The streaming and online retail giant said Thursday that it averaged 16.33 million viewers in the U.S. on Amazon Prime Video for its Nov. 28 National Football League game between the Bears and Eagles. The figure is up 21% from last year’s 13.51 million average viewers for a Raiders-Chiefs game, and up 70% from the debut Black Friday NFL game in 2023 between the Jets and Dolphins.
According to Nielsen, the Bears-Eagles game was the most-watched sporting event on Black Friday since at least 1991, beating a 2022 FIFA men’s World Cup game on Fox between the U.S. and England.
The hefty increase for Amazon follows a record-setting Thanksgiving Day for the NFL involving Fox, CBS, and NBC, and burnishes the league’s immense power across the holiday weekend.
In addition to the NFL audience, Amazon also said it averaged 2.09 million viewers for two NBA games, beating a comparable basketball window last year by 121% and representing Amazon’s most-watched broadcasts of the league so far.
The full day and night of live sports, amounting to more than 15 hours of coverage, represented a landmark moment in the company’s history.
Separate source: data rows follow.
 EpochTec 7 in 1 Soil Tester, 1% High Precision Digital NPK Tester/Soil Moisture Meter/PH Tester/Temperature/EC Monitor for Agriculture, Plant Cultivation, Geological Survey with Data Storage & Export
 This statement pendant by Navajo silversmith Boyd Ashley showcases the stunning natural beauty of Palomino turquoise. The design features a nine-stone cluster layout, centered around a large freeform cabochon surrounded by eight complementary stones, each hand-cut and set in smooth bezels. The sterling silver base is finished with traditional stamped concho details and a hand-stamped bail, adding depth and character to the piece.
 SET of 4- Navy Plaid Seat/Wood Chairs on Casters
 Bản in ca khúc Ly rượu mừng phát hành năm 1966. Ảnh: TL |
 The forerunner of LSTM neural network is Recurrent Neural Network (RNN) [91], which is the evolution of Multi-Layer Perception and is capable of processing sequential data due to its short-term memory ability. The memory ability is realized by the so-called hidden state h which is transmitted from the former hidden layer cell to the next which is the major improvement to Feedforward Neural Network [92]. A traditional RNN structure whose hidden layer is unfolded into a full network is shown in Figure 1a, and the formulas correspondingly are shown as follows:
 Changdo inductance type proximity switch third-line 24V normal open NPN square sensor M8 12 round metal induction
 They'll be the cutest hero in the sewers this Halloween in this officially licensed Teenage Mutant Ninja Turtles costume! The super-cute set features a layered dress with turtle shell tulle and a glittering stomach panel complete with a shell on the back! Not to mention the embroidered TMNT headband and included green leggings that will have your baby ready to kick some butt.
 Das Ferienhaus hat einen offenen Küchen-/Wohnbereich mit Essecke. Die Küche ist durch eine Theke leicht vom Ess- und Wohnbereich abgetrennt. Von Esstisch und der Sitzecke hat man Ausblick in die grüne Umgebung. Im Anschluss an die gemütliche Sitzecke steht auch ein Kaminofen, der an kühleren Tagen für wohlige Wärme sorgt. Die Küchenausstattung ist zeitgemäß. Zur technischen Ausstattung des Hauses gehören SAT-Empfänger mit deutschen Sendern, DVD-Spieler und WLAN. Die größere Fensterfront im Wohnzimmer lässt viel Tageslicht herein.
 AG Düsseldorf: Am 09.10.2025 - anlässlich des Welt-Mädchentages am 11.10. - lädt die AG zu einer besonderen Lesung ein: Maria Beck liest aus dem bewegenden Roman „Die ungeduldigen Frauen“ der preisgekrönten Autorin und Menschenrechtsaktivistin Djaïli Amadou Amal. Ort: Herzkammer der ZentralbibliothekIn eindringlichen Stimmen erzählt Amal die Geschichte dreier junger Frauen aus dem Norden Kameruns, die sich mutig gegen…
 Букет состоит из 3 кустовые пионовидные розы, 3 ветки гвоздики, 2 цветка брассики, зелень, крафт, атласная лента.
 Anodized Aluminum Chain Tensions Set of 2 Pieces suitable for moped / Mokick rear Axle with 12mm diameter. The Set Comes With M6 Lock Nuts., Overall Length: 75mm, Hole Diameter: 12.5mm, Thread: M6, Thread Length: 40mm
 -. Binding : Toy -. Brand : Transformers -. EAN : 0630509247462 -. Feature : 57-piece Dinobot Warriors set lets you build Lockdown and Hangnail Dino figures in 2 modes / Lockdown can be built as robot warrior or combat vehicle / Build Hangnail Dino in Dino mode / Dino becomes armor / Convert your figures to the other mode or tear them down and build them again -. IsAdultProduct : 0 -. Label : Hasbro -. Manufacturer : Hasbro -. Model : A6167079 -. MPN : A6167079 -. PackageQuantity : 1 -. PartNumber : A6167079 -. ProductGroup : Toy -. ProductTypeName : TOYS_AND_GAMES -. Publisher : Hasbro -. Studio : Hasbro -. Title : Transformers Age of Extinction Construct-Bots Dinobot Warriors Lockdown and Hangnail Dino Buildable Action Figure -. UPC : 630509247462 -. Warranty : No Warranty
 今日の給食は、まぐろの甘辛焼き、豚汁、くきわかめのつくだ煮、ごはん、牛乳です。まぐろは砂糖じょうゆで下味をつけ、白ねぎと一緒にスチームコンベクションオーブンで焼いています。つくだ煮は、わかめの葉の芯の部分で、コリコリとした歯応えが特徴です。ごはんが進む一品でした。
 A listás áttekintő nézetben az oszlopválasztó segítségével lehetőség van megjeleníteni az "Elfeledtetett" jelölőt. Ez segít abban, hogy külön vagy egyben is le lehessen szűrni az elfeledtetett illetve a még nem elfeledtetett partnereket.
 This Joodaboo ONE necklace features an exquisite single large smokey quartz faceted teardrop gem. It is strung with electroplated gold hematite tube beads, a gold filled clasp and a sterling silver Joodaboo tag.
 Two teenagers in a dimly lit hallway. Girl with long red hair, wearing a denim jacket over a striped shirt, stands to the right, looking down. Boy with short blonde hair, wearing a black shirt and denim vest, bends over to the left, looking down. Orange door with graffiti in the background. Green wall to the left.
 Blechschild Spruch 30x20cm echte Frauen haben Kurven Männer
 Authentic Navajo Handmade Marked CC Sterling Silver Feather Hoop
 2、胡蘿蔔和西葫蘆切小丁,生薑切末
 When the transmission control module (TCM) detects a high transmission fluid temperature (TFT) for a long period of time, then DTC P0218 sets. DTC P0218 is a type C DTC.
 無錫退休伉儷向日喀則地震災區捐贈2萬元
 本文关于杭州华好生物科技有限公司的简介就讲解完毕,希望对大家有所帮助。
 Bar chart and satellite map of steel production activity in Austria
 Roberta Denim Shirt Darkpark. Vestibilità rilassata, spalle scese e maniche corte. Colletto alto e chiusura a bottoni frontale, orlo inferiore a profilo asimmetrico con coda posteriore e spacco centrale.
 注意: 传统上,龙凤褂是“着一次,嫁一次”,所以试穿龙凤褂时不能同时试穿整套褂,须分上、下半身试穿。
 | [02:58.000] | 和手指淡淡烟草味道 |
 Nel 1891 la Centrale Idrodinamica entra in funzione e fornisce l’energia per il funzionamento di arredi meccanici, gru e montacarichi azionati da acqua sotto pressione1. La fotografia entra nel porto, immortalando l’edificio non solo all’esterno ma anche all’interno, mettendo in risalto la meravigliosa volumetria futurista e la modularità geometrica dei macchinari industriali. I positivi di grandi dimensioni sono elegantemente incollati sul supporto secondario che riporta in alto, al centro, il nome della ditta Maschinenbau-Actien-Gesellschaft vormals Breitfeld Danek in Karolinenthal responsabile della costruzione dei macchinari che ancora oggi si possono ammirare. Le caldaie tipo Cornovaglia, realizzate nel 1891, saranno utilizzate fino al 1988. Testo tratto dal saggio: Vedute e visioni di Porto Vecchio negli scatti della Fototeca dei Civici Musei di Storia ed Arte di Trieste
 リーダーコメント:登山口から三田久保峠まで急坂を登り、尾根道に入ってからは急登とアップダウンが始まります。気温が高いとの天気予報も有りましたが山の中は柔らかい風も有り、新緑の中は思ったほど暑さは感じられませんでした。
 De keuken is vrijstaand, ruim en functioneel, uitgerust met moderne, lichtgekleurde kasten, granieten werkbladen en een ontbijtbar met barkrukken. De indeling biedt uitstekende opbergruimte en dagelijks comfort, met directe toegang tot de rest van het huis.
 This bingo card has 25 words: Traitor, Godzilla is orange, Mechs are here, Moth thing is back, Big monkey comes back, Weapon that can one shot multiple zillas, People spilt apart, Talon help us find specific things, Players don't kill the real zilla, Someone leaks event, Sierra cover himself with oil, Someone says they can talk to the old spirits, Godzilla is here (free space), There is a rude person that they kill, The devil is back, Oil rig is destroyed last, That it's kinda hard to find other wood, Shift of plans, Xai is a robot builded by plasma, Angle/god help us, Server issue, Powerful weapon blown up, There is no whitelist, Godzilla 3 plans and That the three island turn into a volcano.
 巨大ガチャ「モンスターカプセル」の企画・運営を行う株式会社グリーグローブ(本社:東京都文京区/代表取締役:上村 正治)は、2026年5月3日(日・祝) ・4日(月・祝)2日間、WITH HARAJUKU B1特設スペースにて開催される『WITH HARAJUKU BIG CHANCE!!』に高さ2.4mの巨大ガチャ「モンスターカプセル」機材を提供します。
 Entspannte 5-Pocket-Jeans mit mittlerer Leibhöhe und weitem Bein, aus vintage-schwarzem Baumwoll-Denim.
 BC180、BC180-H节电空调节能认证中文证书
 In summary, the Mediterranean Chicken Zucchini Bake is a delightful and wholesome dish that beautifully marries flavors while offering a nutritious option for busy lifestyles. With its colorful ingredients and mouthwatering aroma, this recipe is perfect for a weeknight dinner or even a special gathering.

The Bears-Eagles game was shown globally for free following a recent adjustment to the broadcast plan with the NFL, and in addition to the U.S. audience, the contest reached a total of 5.29 million viewers, according to Amazon’s first-party data. The U.K., Germany, and Japan were the top international draws.
Another Game?
NFL executives have downplayed the possibility of adding a fourth game on Thanksgiving to tap further into what is the league’s biggest viewership day of the regular season. Adding to the Black Friday schedule, however, is more possible.
League commissioner Roger Goodell told The Wall Street Journal that he isn’t ruling out such changes, and that “we’re going to look at everything. I would expect that there will be changes going forward.”
Making such a move, however, would require working further around the Sports Broadcasting Act of 1961. That provision, designed to help protect college and high school football, prohibits “all or a substantial part” of pro football games airing on Fridays after 6 p.m. ET between the second Friday of September each year and the second Saturday in December.
Adding a second Black Friday game, as a result, would likely require scheduling that one before the existing one that starts at 3 p.m. ET.